Читаем Адмирал Ушаков полностью

Несколько дней спустя Арапова и в самом деле отправили в это самое "дальше". Только на сей раз уложили его не в сани, а на обыкновенную телегу. Таких телег вытянулось по дороге до сотни. Еще до снега тамбовские и пензенские крестьяне доставили на телегах фураж для армии, а теперь, уже по зимней дороге, пустыми возвращались обратно. Этим-то и воспользовалось начальство, чтобы разгрузить госпиталь.
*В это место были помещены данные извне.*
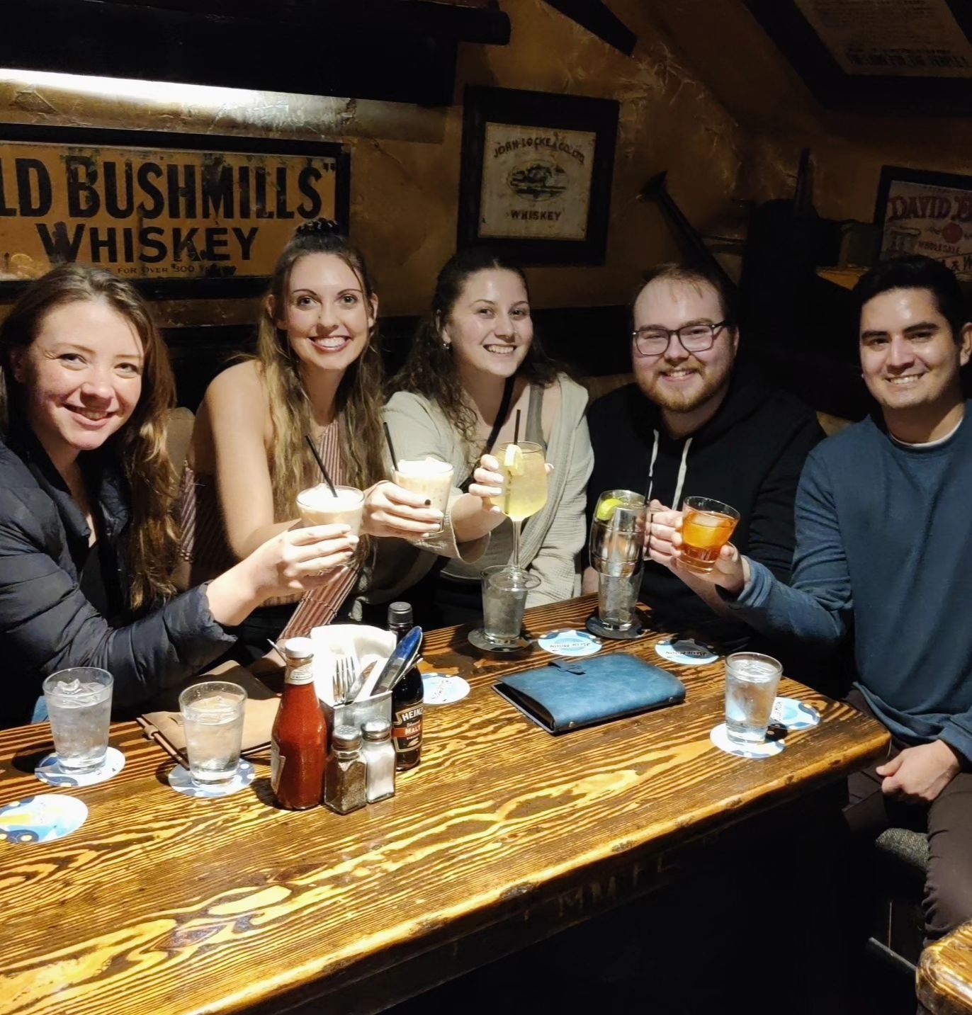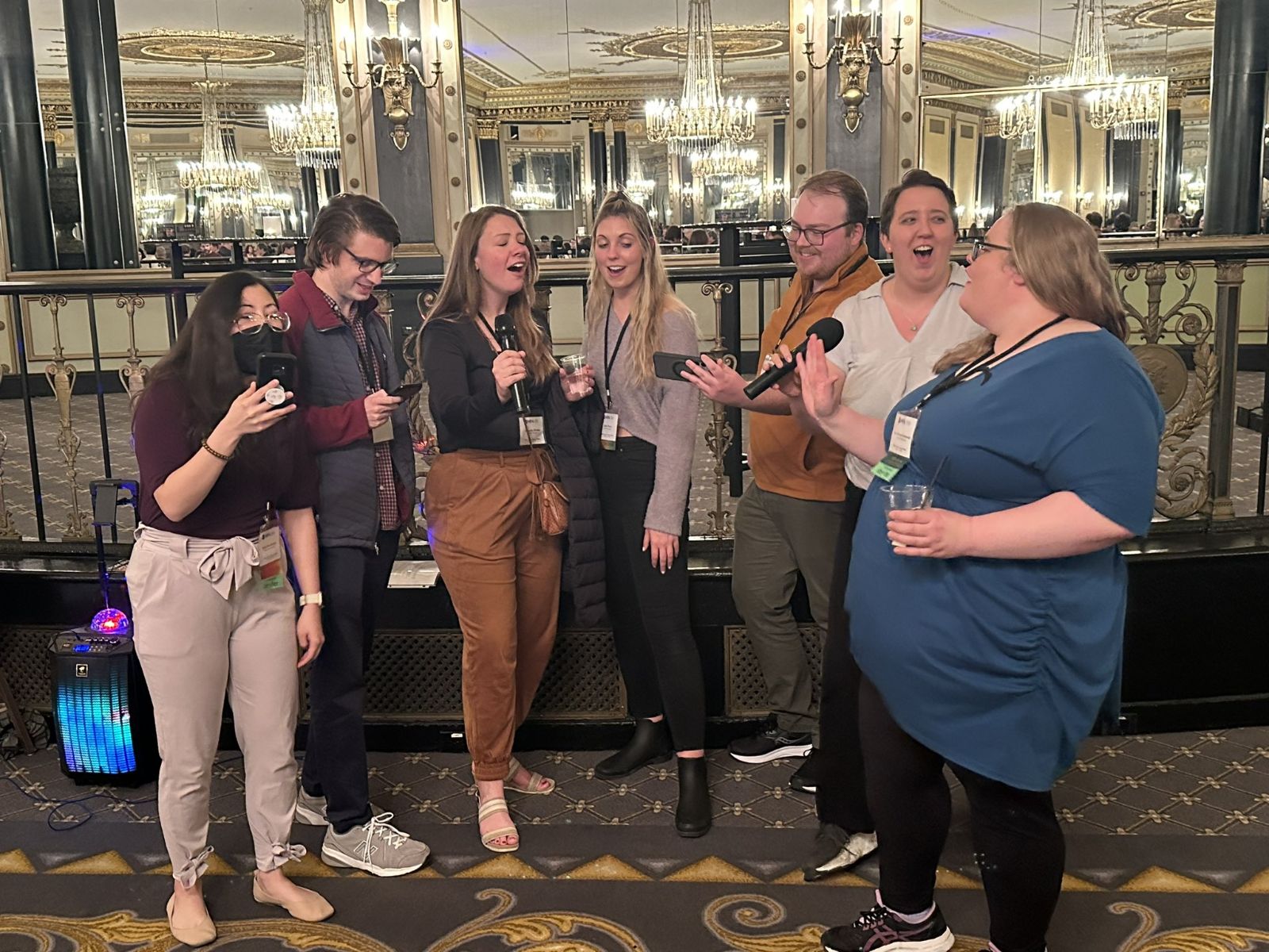 Sam, Jillian, and Liz, along with other social psychology graduate students Andrew White and Antonio Viera hanging out during the annual Society for Personality and Social Psychology conference. It was held in San Diego, California in 2024!Sam, Jillian, Andrew White, and more sing karaoke at the 2024 annual Midwestern Psychological Association conference in Chicago!

Хозяином подводы у Арапова оказался крестьянин из Краснослободского уезда Пензенской губернии, человек угрюмый, неразговорчивый. За все время Арапов услышал от него только два или три слова. Зато санитар, ехавший на другой подводе и отвечавший за всех больных, теребил Арапова на всех остановках - спрашивал о самочувствии, щупал, не охладело ли тело, совал в рот водку. И когда останавливались на ночлег, санитар заботился о нем больше, чем о других, следил, чтобы укладывали его в теплое место.

Арапов сделался ко всему равнодушным. Он не чувствовал болей, не хотел ни есть, ни пить, испытывал одно только желание - спать.

Однажды он впал в забытье еще перед дорогой, когда его укладывали на телегу. Сколько времени ехали в тот день, он не знал. Когда очнулся, то увидел перед собой ночное небо, усыпанное звездами. Его несли куда-то на носилках.

- Где я? - спросил Арапов, удивляясь ослабевшему своему голосу.

- Оставляем, ваше благородие... В госпитале оставляем, - услышал он голос санитара.

- Село какое?

- Не село, а город. Темниковом называется.

"Темников... Темников... Что-то знакомое, - напрягал мысль Арапов. Надо вспомнить, надо вспомнить..."

Но он так и не вспомнил, снова впал в забытье.

14

Что и говорить, нелегко достался Ушакову госпиталь. Много пришлось похлопотать, поволноваться. Зато с каким удовлетворением он прохаживался сейчас по чистым, натопленным палатам! Правда, на всех больных один лекарь, зато нет скученности, нет такой грязи и вони, как во многих других лазаретах. И питанием люди довольны. Все есть - и мясо, и свежая рыба, самым тяжелым даже молоко приносят.

Лекарь водил Ушакова от комнаты к комнате, показывал, объяснял, что к чему. Там, где больные были не так тяжелы, они задерживались дольше обычного, расспрашивали, откуда родом, каких полков или ополчений, есть ли у них жалобы, просьбы. Вопросы задавал обычно Ушаков. Хотя и был он в партикулярном, по одежде он отличался от лекаря, больные угадывали в нем далеко не рядовую личность, называли не "благородием", как лекаря, а "превосходительством" или "сиятельством",

Осмотром солдатских палат Ушаков остался доволен. В них были заняты все койки. Но в госпитале оставалась еще комната, которую берегли для офицеров.

- А в той комнате есть кто-нибудь? - поинтересовался Ушаков.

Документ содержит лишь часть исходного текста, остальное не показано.